• **Task goal**
For the material below, the expected output is exactly the lines between the line holding "NMC C1153B Pipemarkers" and the line holding "There are over", inclusive, with pictures left out.

• **Data for the task**
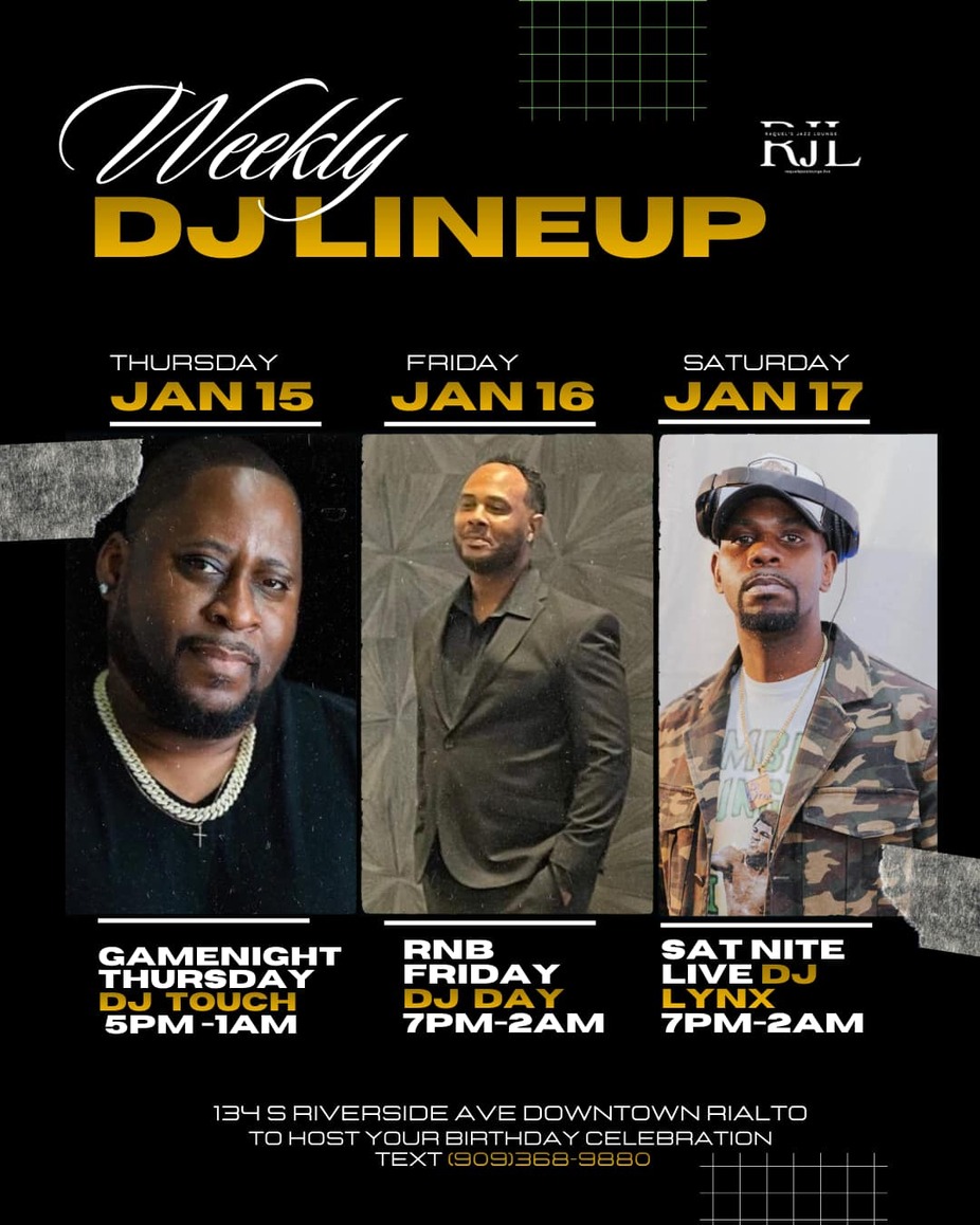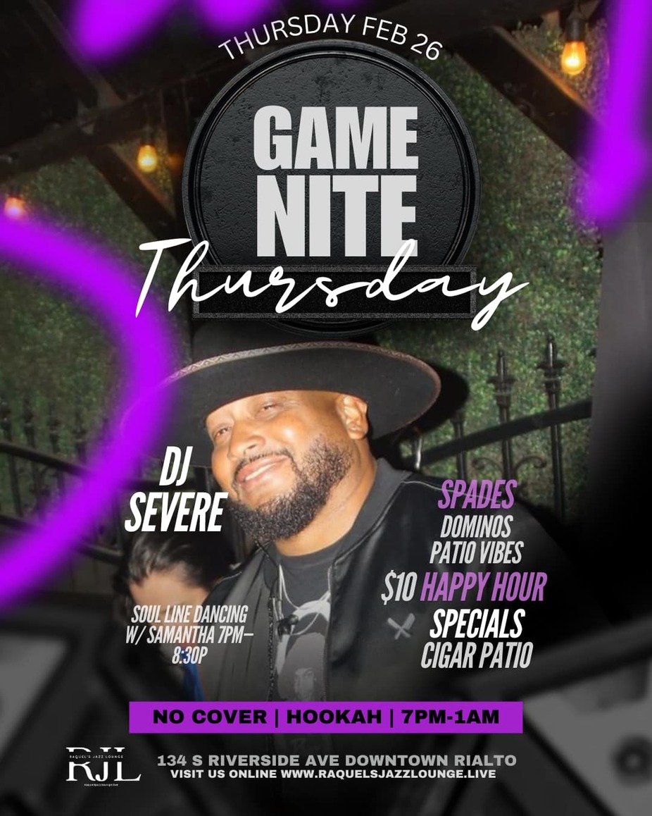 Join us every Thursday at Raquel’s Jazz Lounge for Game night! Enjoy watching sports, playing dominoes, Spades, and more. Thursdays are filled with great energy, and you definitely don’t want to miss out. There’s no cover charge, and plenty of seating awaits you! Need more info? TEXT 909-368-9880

* * *

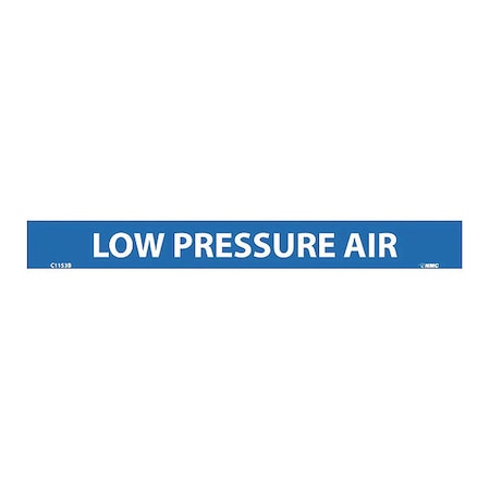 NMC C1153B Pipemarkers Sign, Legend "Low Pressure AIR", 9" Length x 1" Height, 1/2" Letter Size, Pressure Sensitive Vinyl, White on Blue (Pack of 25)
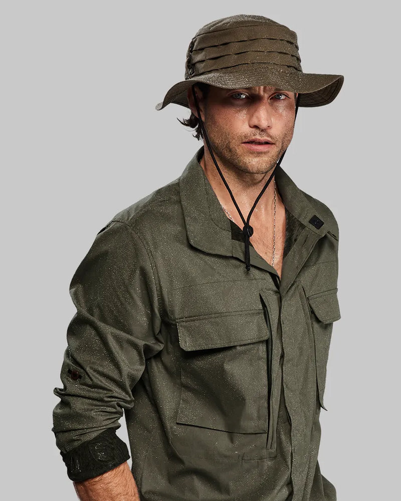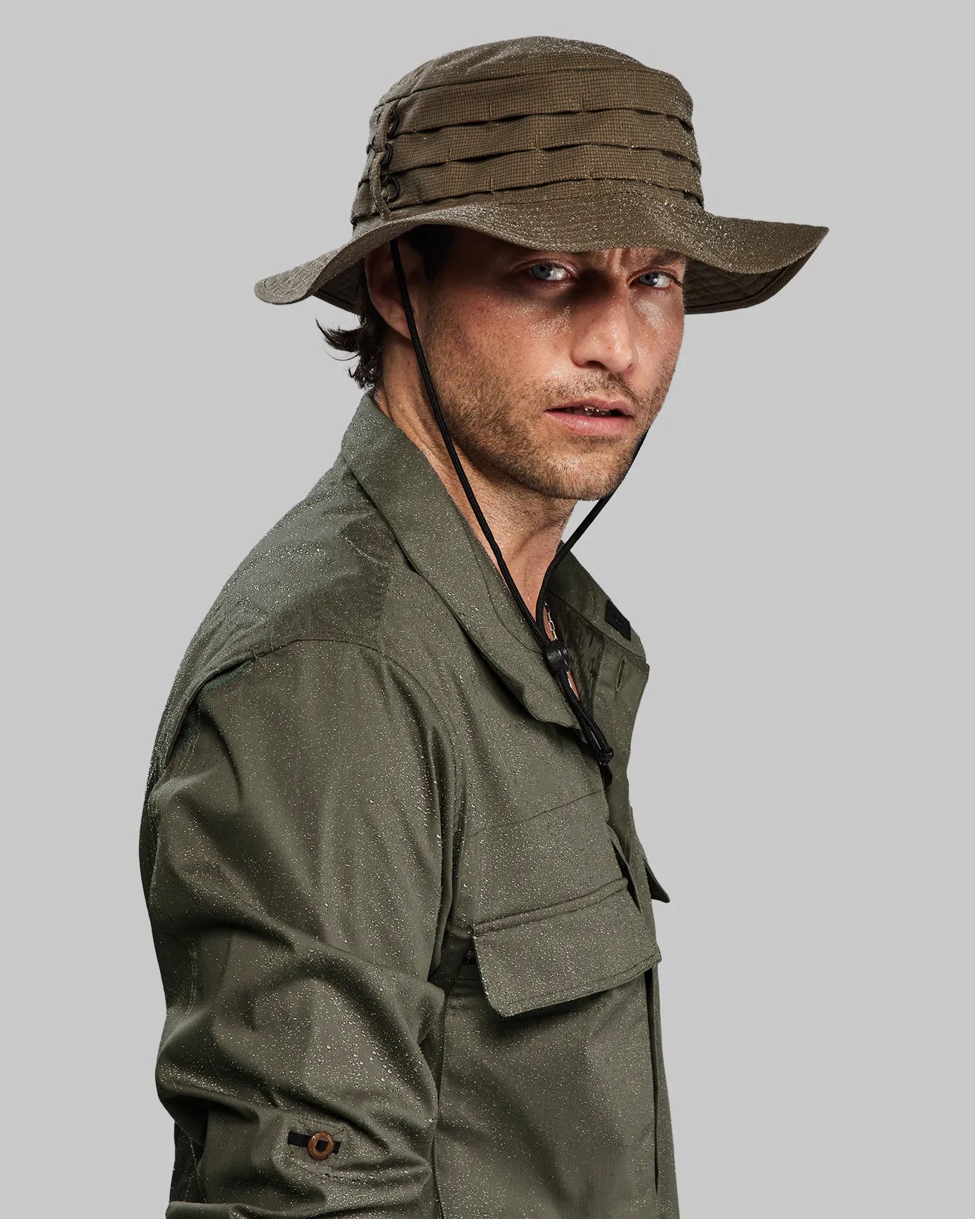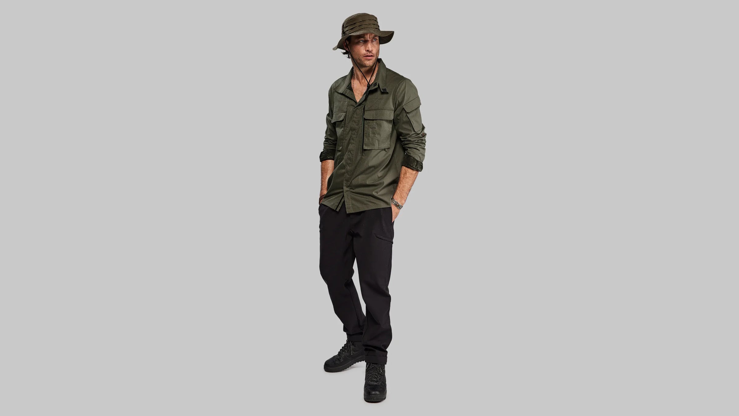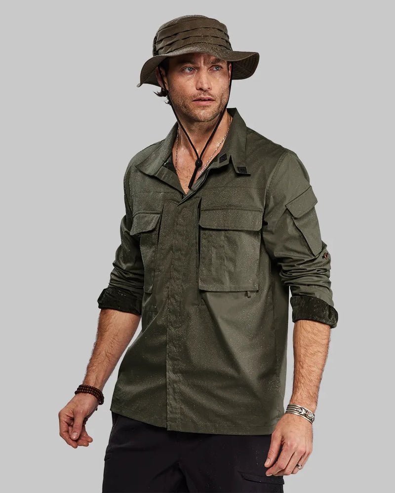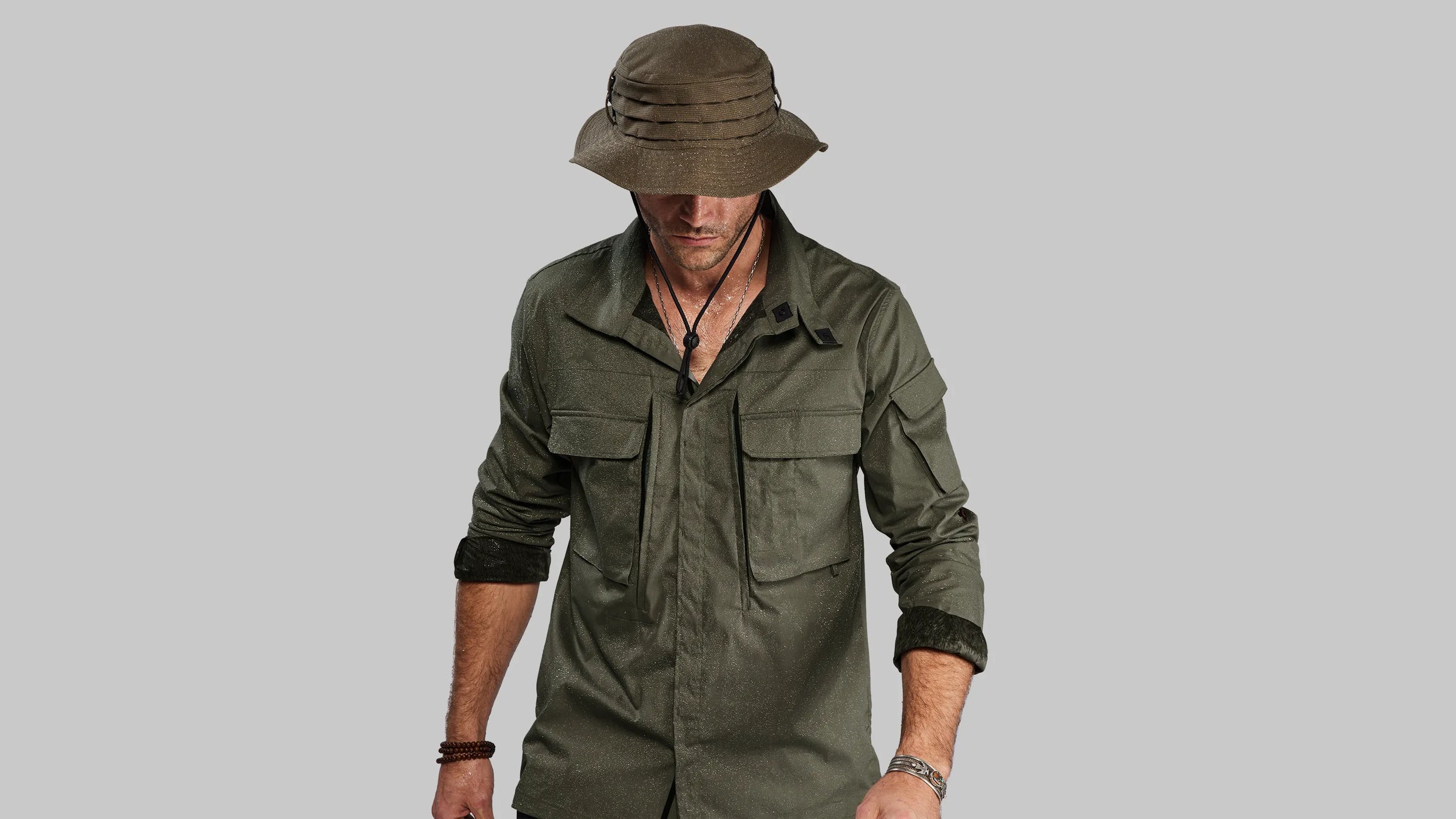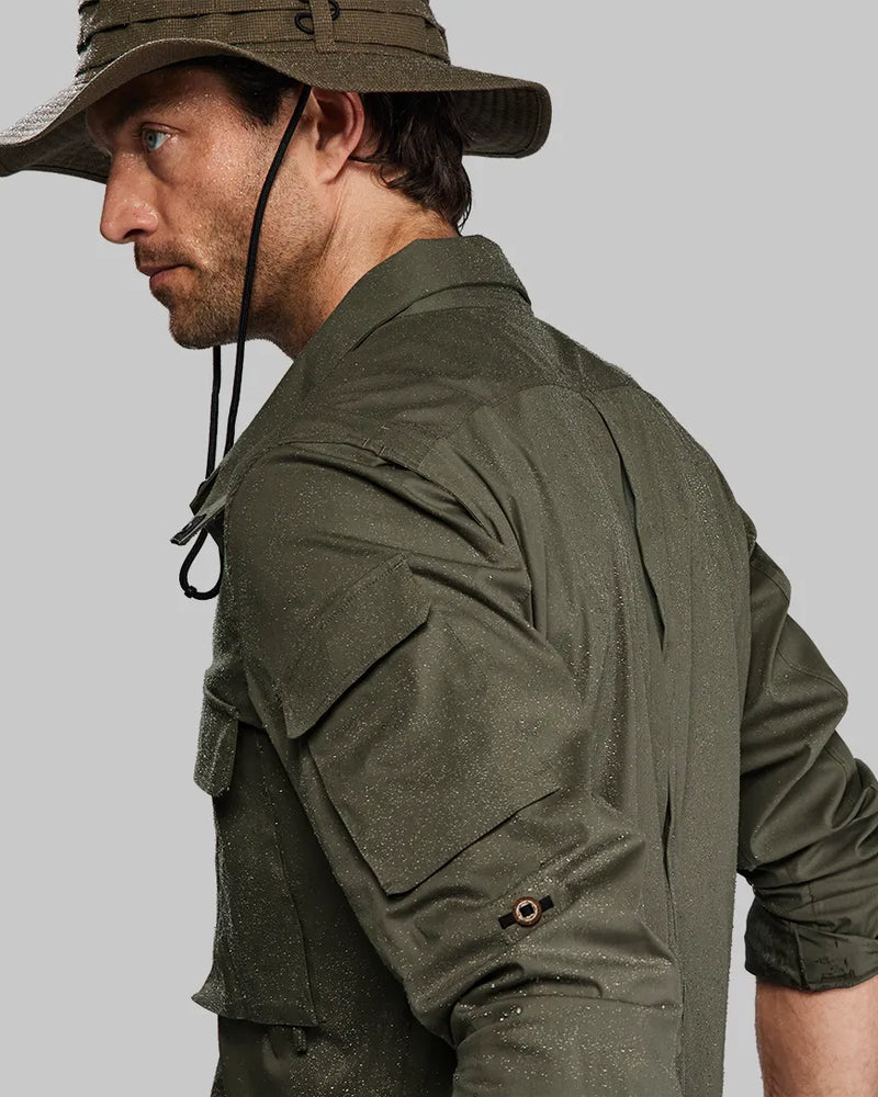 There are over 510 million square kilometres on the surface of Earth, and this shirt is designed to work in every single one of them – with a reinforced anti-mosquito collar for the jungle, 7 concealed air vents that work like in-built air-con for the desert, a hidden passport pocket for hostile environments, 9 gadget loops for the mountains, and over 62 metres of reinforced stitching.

• **Solution to the problem**
 NMC C1153B Pipemarkers Sign, Legend "Low Pressure AIR", 9" Length x 1" Height, 1/2" Letter Size, Pressure Sensitive Vinyl, White on Blue (Pack of 25)
 There are over 510 million square kilometres on the surface of Earth, and this shirt is designed to work in every single one of them – with a reinforced anti-mosquito collar for the jungle, 7 concealed air vents that work like in-built air-con for the desert, a hidden passport pocket for hostile environments, 9 gadget loops for the mountains, and over 62 metres of reinforced stitching.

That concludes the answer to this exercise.